> _Action item_
Set down only these lines, exactly: the line containing "HBlock通过存储协议栈优" and all lines through the end of the data below. Omit pictures.
:::::
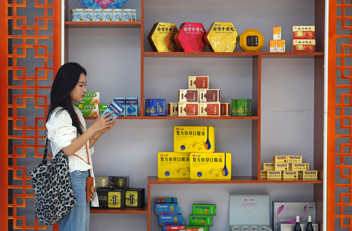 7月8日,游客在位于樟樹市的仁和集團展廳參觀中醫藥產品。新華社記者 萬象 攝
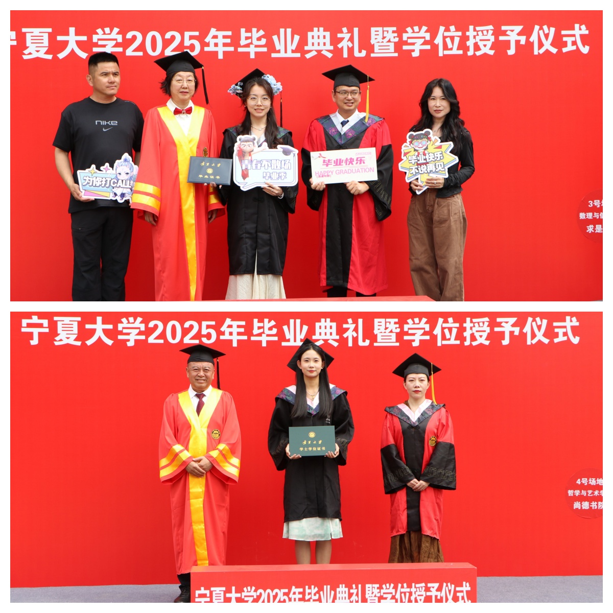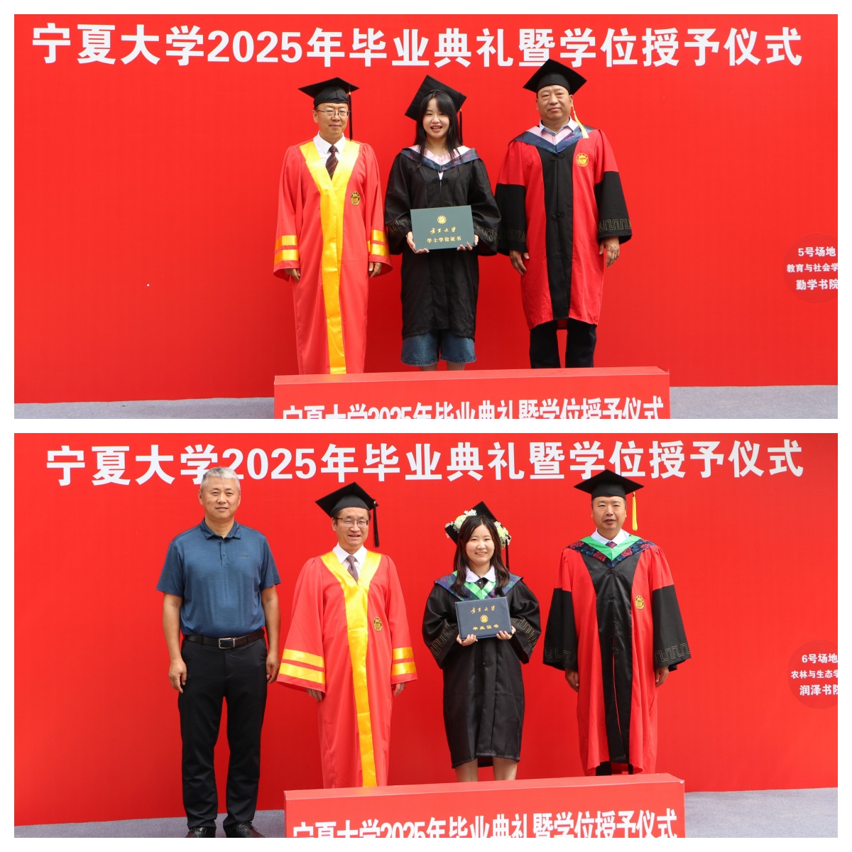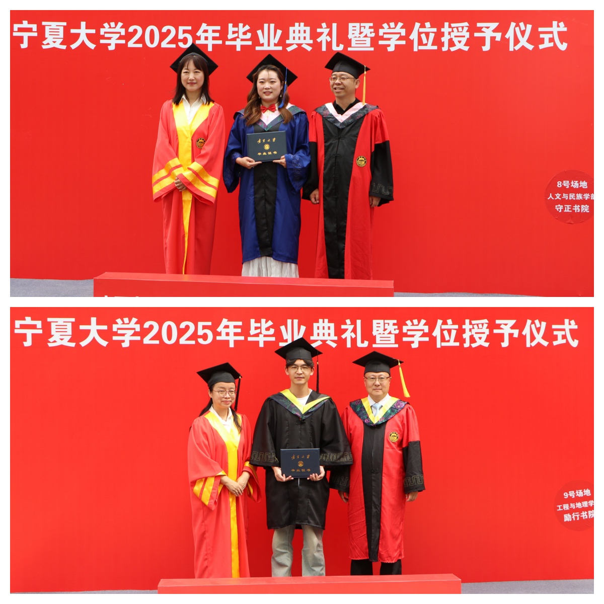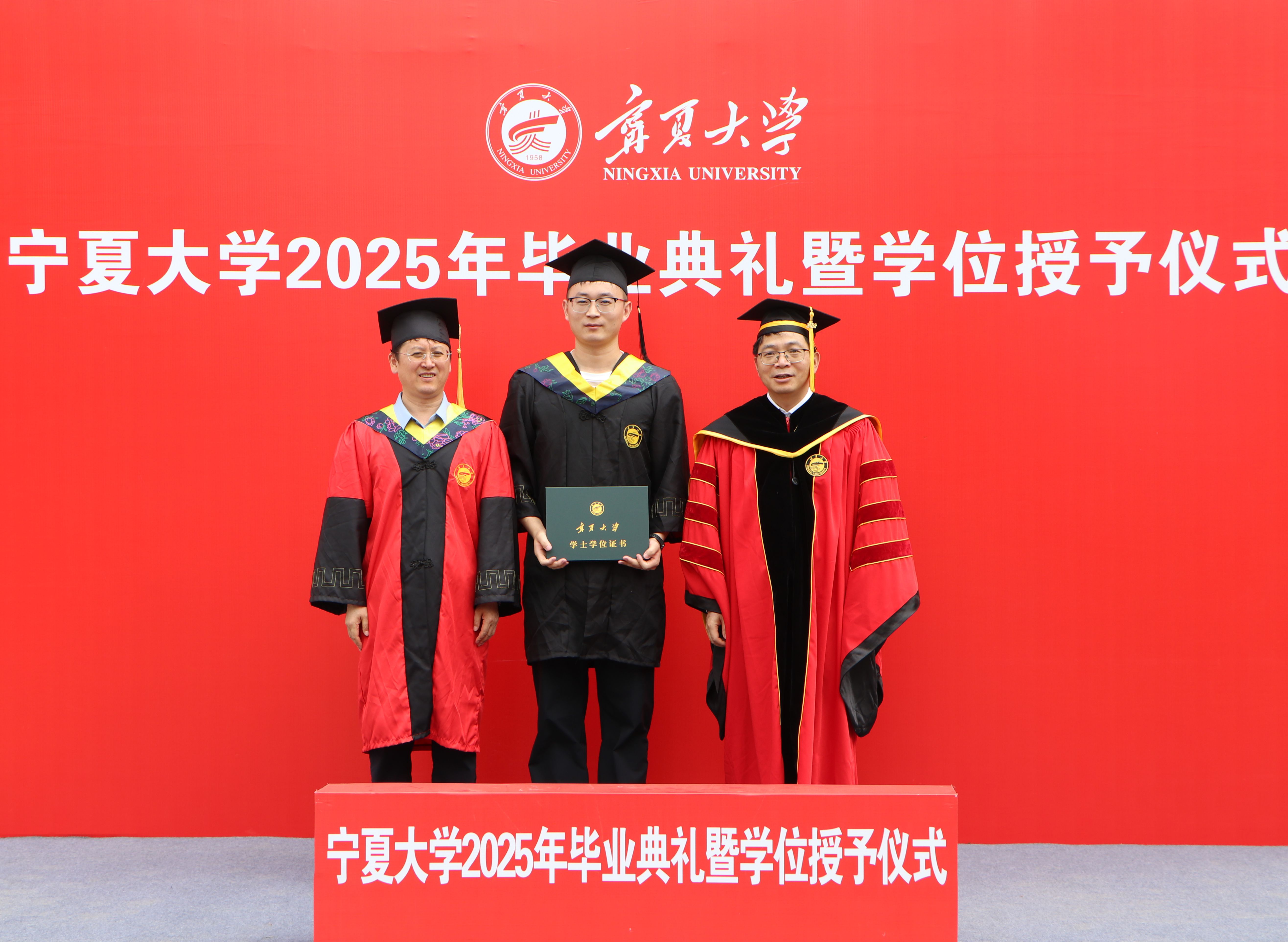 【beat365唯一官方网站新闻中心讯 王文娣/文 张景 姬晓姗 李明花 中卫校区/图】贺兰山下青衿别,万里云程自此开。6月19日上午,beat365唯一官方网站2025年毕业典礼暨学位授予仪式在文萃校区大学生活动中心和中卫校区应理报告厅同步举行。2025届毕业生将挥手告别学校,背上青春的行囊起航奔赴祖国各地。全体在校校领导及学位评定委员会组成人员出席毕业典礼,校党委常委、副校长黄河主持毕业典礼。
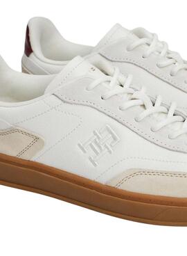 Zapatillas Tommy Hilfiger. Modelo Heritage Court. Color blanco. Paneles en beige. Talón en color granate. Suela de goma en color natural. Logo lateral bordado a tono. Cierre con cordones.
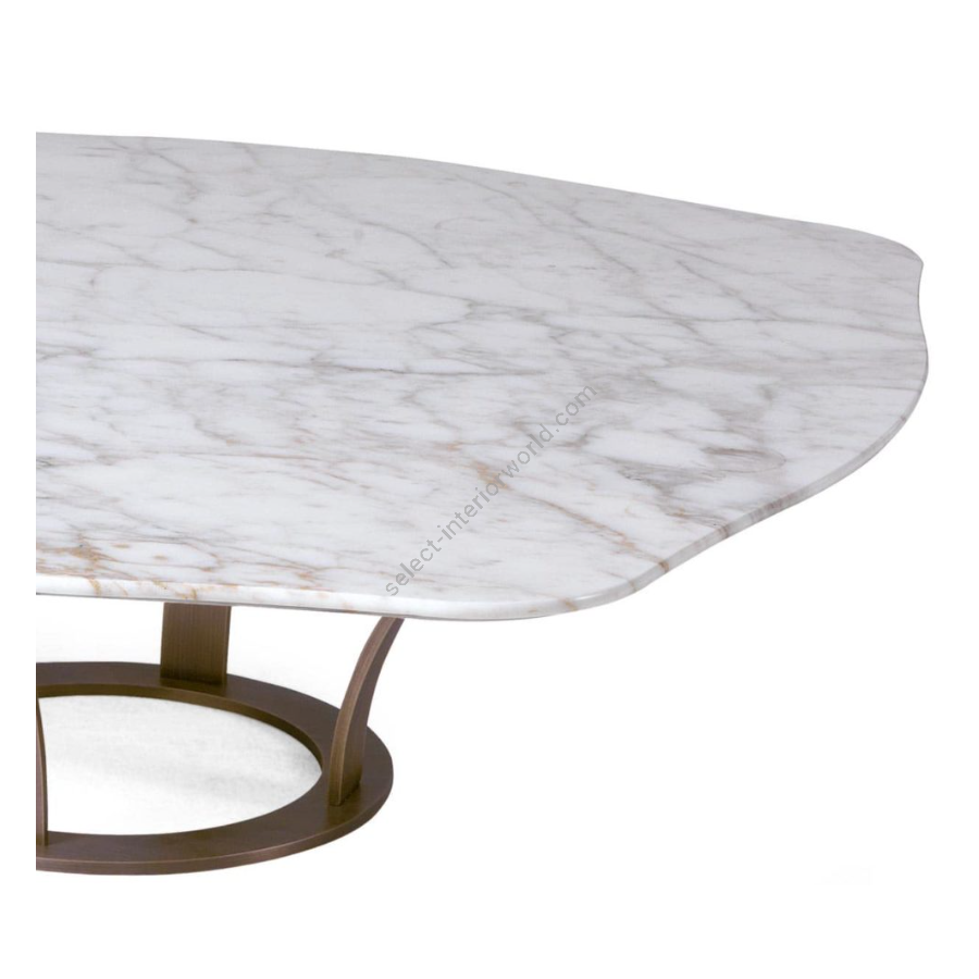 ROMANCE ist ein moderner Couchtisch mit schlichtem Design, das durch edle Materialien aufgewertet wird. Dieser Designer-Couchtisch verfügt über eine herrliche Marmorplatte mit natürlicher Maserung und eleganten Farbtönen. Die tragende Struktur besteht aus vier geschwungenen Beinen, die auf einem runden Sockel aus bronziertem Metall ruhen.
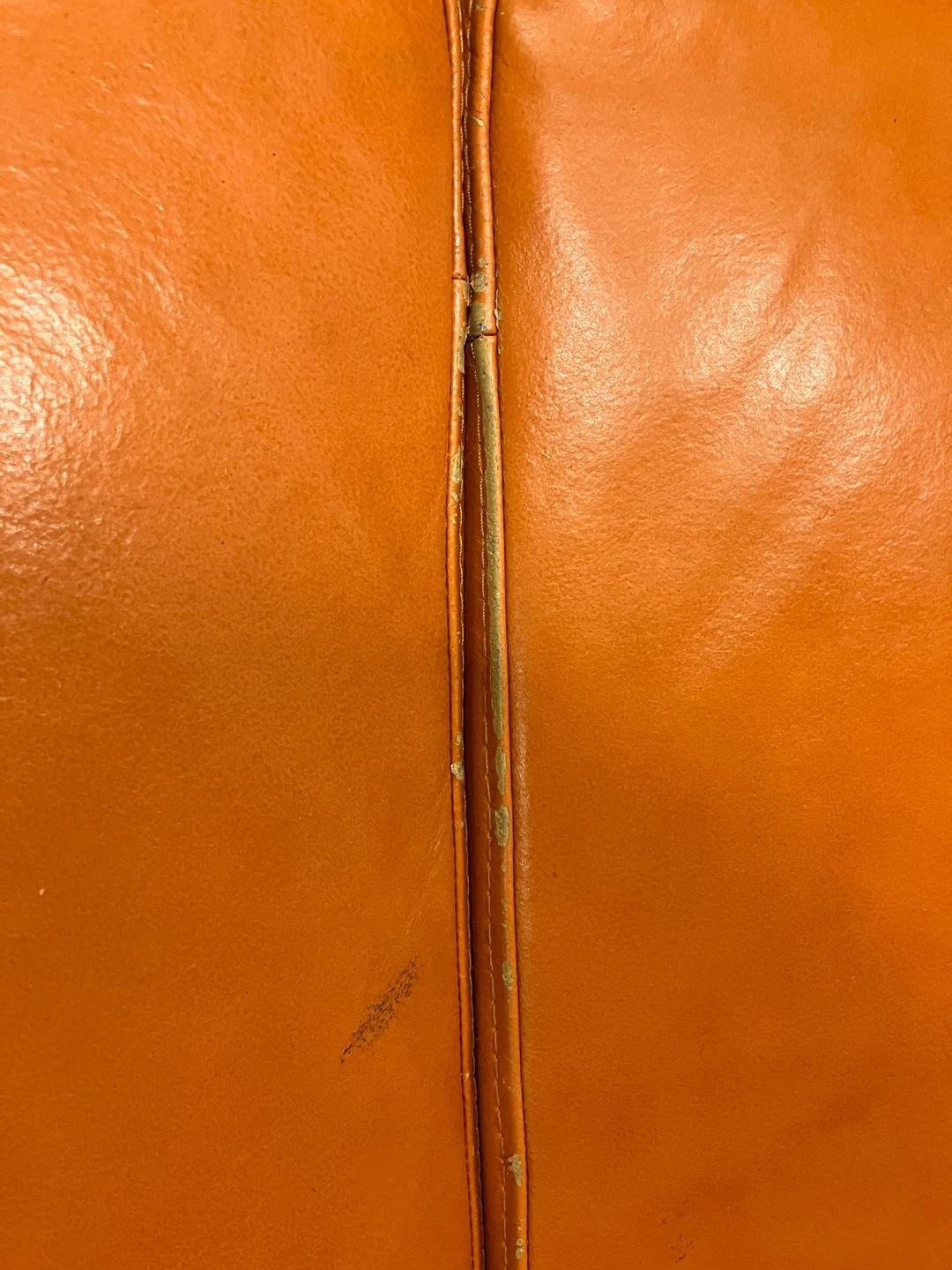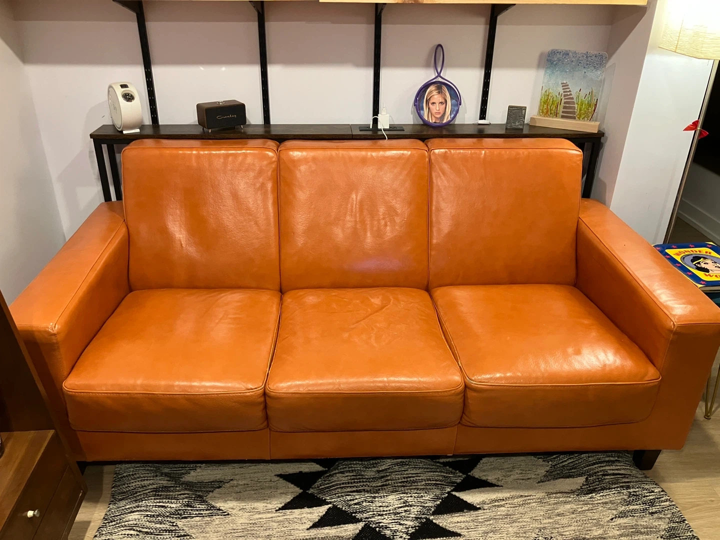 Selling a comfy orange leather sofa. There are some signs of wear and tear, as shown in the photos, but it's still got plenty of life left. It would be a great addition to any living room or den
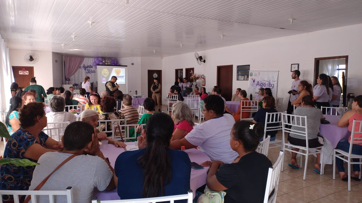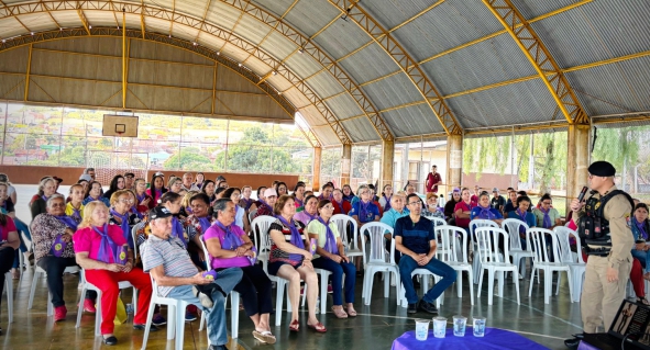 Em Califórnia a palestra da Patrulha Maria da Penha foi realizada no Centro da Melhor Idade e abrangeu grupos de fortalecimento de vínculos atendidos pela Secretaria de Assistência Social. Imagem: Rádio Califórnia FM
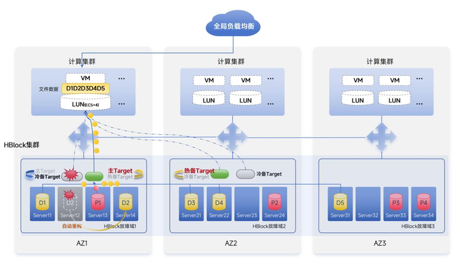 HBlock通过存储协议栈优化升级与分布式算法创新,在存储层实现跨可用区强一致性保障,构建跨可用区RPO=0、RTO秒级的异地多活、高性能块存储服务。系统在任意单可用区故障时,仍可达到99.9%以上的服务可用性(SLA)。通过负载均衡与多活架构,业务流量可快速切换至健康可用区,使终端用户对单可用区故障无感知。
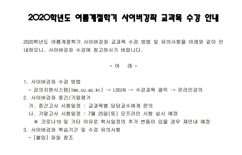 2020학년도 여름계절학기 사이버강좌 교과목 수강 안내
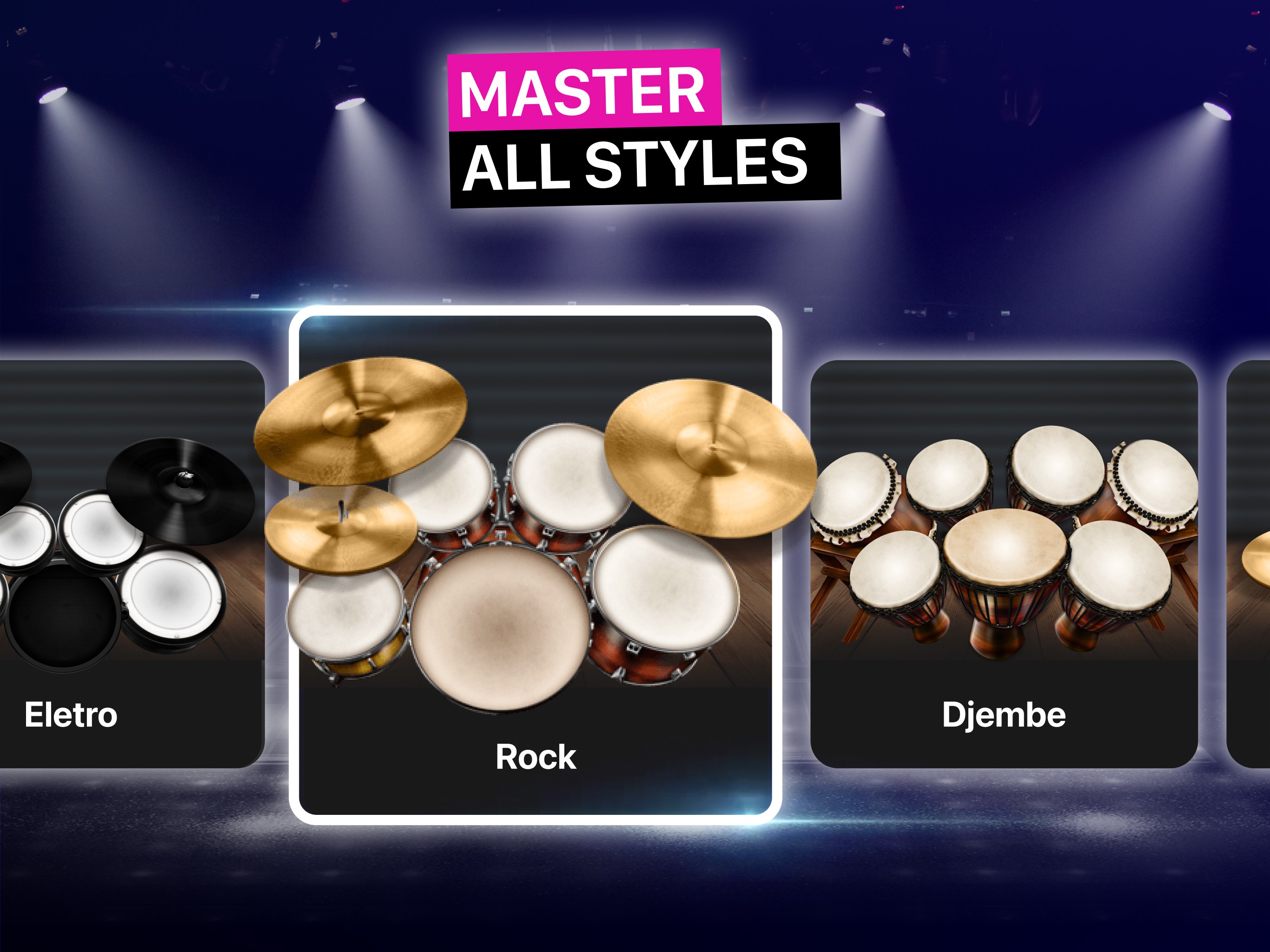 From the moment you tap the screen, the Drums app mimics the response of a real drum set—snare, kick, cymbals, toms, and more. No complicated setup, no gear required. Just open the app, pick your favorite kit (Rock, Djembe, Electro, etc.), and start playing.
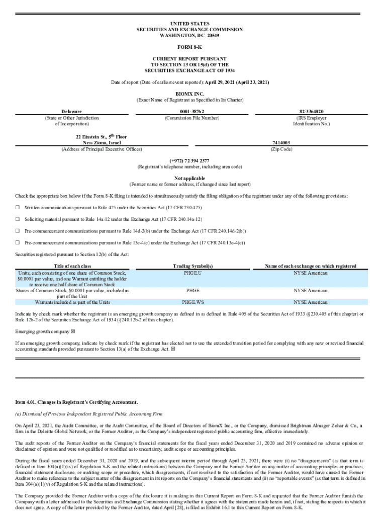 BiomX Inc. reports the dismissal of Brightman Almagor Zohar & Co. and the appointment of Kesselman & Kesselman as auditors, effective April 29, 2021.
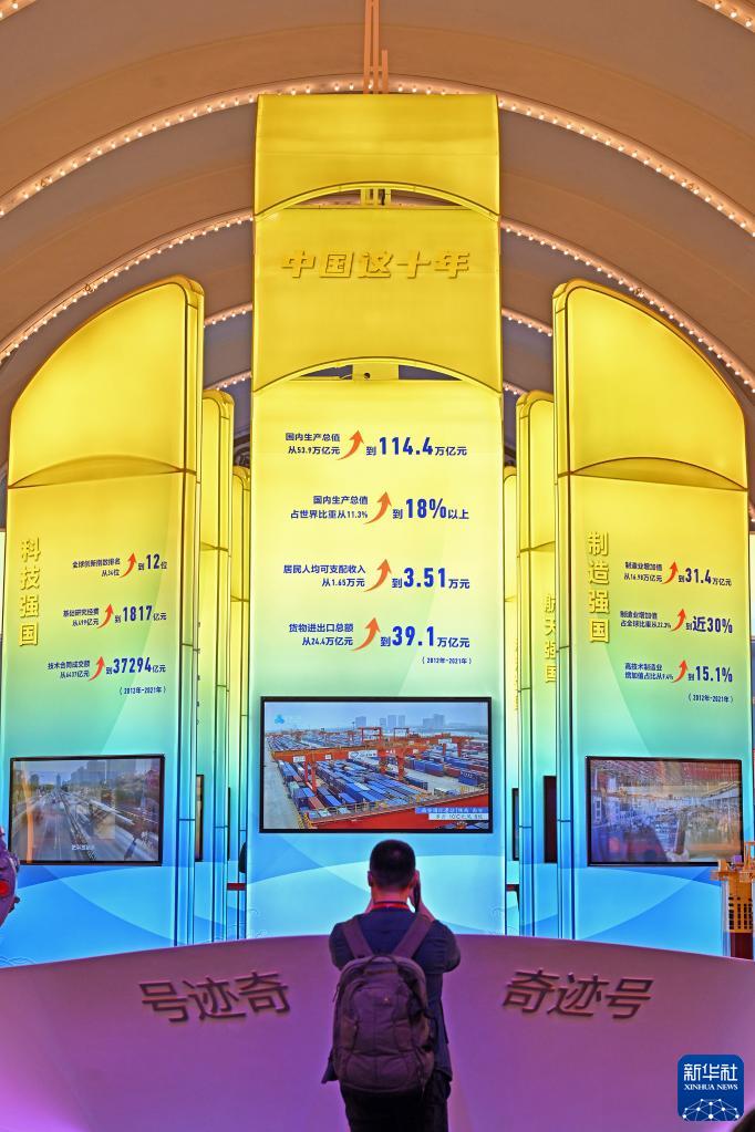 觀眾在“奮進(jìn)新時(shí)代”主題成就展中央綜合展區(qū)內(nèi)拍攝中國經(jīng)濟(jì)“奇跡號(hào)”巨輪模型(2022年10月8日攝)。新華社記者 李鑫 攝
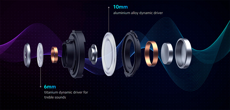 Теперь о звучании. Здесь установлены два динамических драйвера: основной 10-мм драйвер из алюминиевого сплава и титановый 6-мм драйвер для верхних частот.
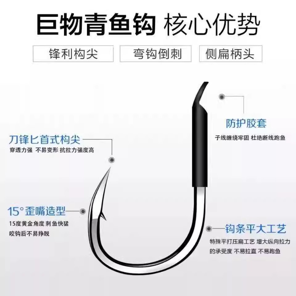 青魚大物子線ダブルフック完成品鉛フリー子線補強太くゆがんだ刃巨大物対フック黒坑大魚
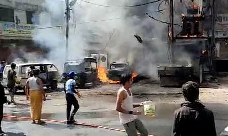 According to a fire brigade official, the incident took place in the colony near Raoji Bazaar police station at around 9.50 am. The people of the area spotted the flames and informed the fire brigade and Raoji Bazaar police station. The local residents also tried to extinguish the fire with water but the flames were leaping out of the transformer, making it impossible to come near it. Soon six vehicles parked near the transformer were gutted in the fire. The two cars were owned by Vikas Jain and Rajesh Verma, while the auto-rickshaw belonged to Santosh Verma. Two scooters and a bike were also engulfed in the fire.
:::::
> _Result for this exercise_
 HBlock通过存储协议栈优化升级与分布式算法创新,在存储层实现跨可用区强一致性保障,构建跨可用区RPO=0、RTO秒级的异地多活、高性能块存储服务。系统在任意单可用区故障时,仍可达到99.9%以上的服务可用性(SLA)。通过负载均衡与多活架构,业务流量可快速切换至健康可用区,使终端用户对单可用区故障无感知。
 2020학년도 여름계절학기 사이버강좌 교과목 수강 안내
 From the moment you tap the screen, the Drums app mimics the response of a real drum set—snare, kick, cymbals, toms, and more. No complicated setup, no gear required. Just open the app, pick your favorite kit (Rock, Djembe, Electro, etc.), and start playing.
 BiomX Inc. reports the dismissal of Brightman Almagor Zohar & Co. and the appointment of Kesselman & Kesselman as auditors, effective April 29, 2021.
 觀眾在“奮進(jìn)新時(shí)代”主題成就展中央綜合展區(qū)內(nèi)拍攝中國經(jīng)濟(jì)“奇跡號(hào)”巨輪模型(2022年10月8日攝)。新華社記者 李鑫 攝
 Теперь о звучании. Здесь установлены два динамических драйвера: основной 10-мм драйвер из алюминиевого сплава и титановый 6-мм драйвер для верхних частот.
 青魚大物子線ダブルフック完成品鉛フリー子線補強太くゆがんだ刃巨大物対フック黒坑大魚
 According to a fire brigade official, the incident took place in the colony near Raoji Bazaar police station at around 9.50 am. The people of the area spotted the flames and informed the fire brigade and Raoji Bazaar police station. The local residents also tried to extinguish the fire with water but the flames were leaping out of the transformer, making it impossible to come near it. Soon six vehicles parked near the transformer were gutted in the fire. The two cars were owned by Vikas Jain and Rajesh Verma, while the auto-rickshaw belonged to Santosh Verma. Two scooters and a bike were also engulfed in the fire.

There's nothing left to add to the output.